# DESCRIPTION OF THE TASK
With pictures left out, set down exactly the lines that begin at the one containing "French Gold Gilt" and end with the last line of the entries below.

# GIVEN INFORMATION
--------------------
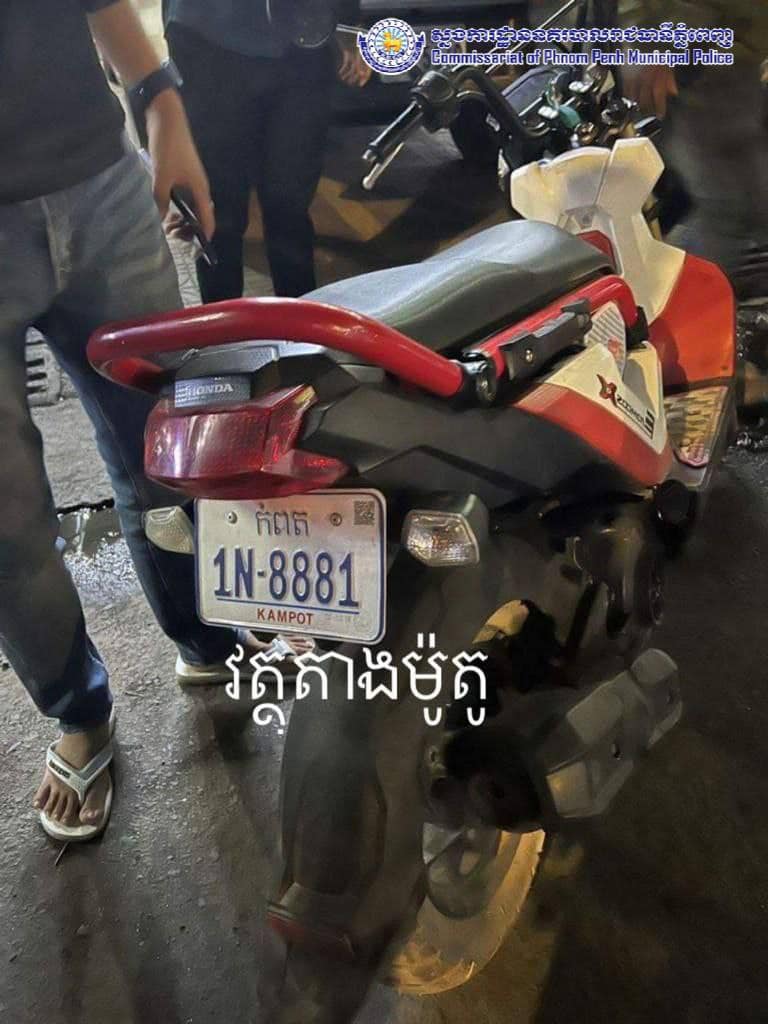 ជនសង្ស័យនារីម្នាក់ លួចម៉ូតូ និងទូរស័ព្ទដៃពីខេត្តកំពត ត្រូវបានកម្លាំងសមត្ថកិច្ចឃាត់ខ្លួនបាននៅមុខរោងកុនចេនឡាខណ្ឌទួលគោក រាជធានីភ្នំពេញ
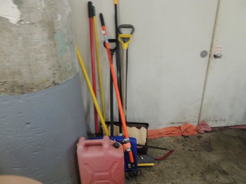 SNOW SHOVELS, SHOVELS, GAS CANS, MOP, SAW, BRANCH TRIMMER, TOOLS, YARD TOOLS, LAWN TOOLS, OUTDOOR TOOLS, AS SHOWN SEE PHOTO FOR MORE DETAILS.
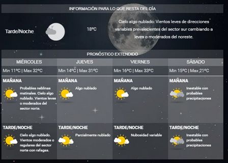 En el portal de https://www.meteored.com.ar anuncian precipitaciones para los días viernes, sábado, y domingo.
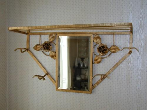 French Gold Gilt Hat/Coat Rack with Beveled Glass Mirror; 25 1/2" wide; 14" tall
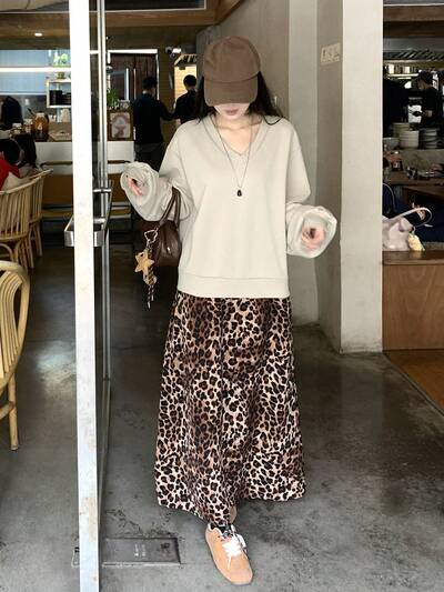French Style Leopard Print Long Waist-Cinched Dress For Women, Fall Dress Long Sleeve Dress-23%
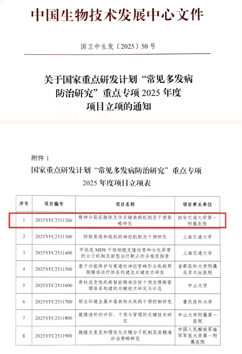 三秦都市报-三秦网讯(记者 阮班慧)近日,科技部正式公布了2025年度国家重点研发计划“常见多发病防治研究”重点专项立项名单,由西安交大一附院精神心理卫生科马现仓教授担任项目负责人的“精神分裂症脑体互作关键致病机制及干预策略研究”项目成功获批。
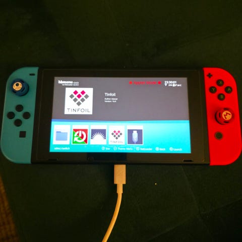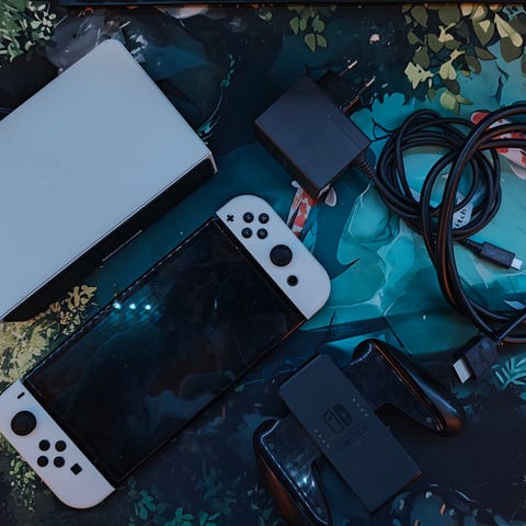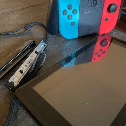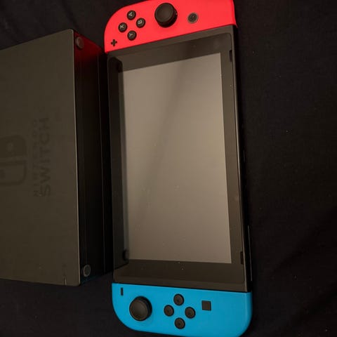 Nintendo Switch konsol med tilbehør inklusive dock, oplader, HDMI-kabel, Joy-Con controllere i rød og blå, håndgreb og opbevaringsetui. Skærmen har beskyttelsesfilm på. Spil medfølger ikke.
--------------------
# RESPONSE
 French Gold Gilt Hat/Coat Rack with Beveled Glass Mirror; 25 1/2" wide; 14" tall
French Style Leopard Print Long Waist-Cinched Dress For Women, Fall Dress Long Sleeve Dress-23%
 三秦都市报-三秦网讯(记者 阮班慧)近日,科技部正式公布了2025年度国家重点研发计划“常见多发病防治研究”重点专项立项名单,由西安交大一附院精神心理卫生科马现仓教授担任项目负责人的“精神分裂症脑体互作关键致病机制及干预策略研究”项目成功获批。
 Nintendo Switch konsol med tilbehør inklusive dock, oplader, HDMI-kabel, Joy-Con controllere i rød og blå, håndgreb og opbevaringsetui. Skærmen har beskyttelsesfilm på. Spil medfølger ikke.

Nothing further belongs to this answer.